Just one was enough to take out FA last time, and you're threatenting me with three!


----------



## Tikara (Dec 1, 2005)

How do I search for specific pictures and keywords?

That get's asked ALL the time... >_>


----------



## Dragoneer (Dec 1, 2005)

Tikara said:
			
		

> How do I search for specific pictures and keywords?
> 
> That get's asked ALL the time... >_>


That's true!


----------



## Pico (Dec 2, 2005)

Tikara said:
			
		

> How do I search for specific pictures and keywords?
> 
> That get's asked ALL the time... >_>



I think a better search method should be provided altogether.  The "find <keyword>" thing is just stupid.


----------



## Dragoneer (Dec 2, 2005)

Pico said:
			
		

> Tikara said:
> 
> 
> 
> ...


I think we need seperate user/file search, where the user search can search on names via wildcard.
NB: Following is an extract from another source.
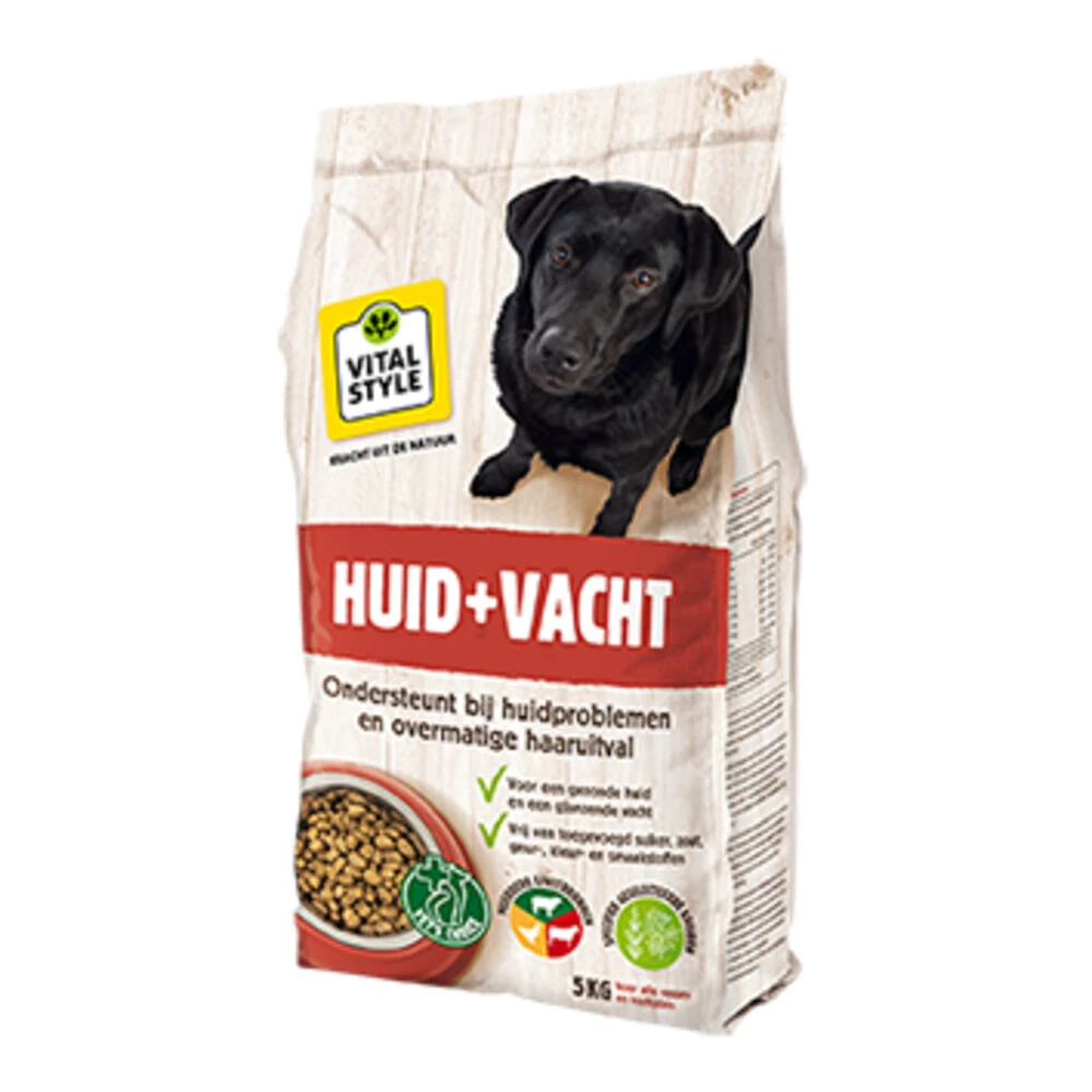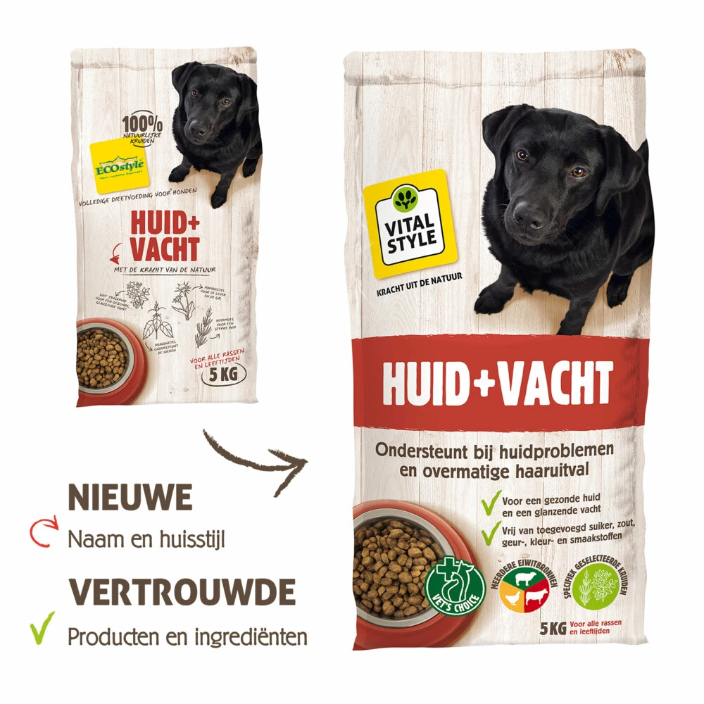 VITALstyle Hondenvoer Huid & Vacht VITALstyle (voorheen ECOstyle) huid en vacht hondenbrokkenIn VITALstyle (voorheen ECOstyle) huid en vacht hondenbrokken zitten bewust veel verschillende ingrediënten. Meerdere soorten vlees (diverse, goed verteerbare eiwitbronnen), granen en andere natuurlijke grondstoffen. Zo daag je de spijsvertering van je hond uit en dit geeft een goede vertering. Omega 3 + 6 en prebiotica helpen ook mee. Er ontstaan geen eiwitreststoffen meer die voor klachte

So, "Wolf" in the user search will yield results to anybody with "Wolf" in the their name.

To be added down the road.


----------



## starlite528 (Dec 2, 2005)

oh yeah definatley.  the search should automatically search for keywords in submissions or titles, if the search term does not match to any usernames.


----------



## Dragoneer (Dec 2, 2005)

starlite528 said:
			
		

> oh yeah definatley.  the search should automatically search for keywords in submissions or titles, if the search term does not match to any usernames.


Well, sometime in January/February FA will outline a lot of it's future goals as we have a lot planned. We'll solicit better feedback and announced some of the awesome ideas we've got planned (and that are already in the works!).

Stability first, however.


----------



## Almafeta (Dec 4, 2005)

"Will FurAffinity be using ads again?"

"If so, what sort of ads will be used?"

"Will we be able to buy ads on FurAffinity?"


----------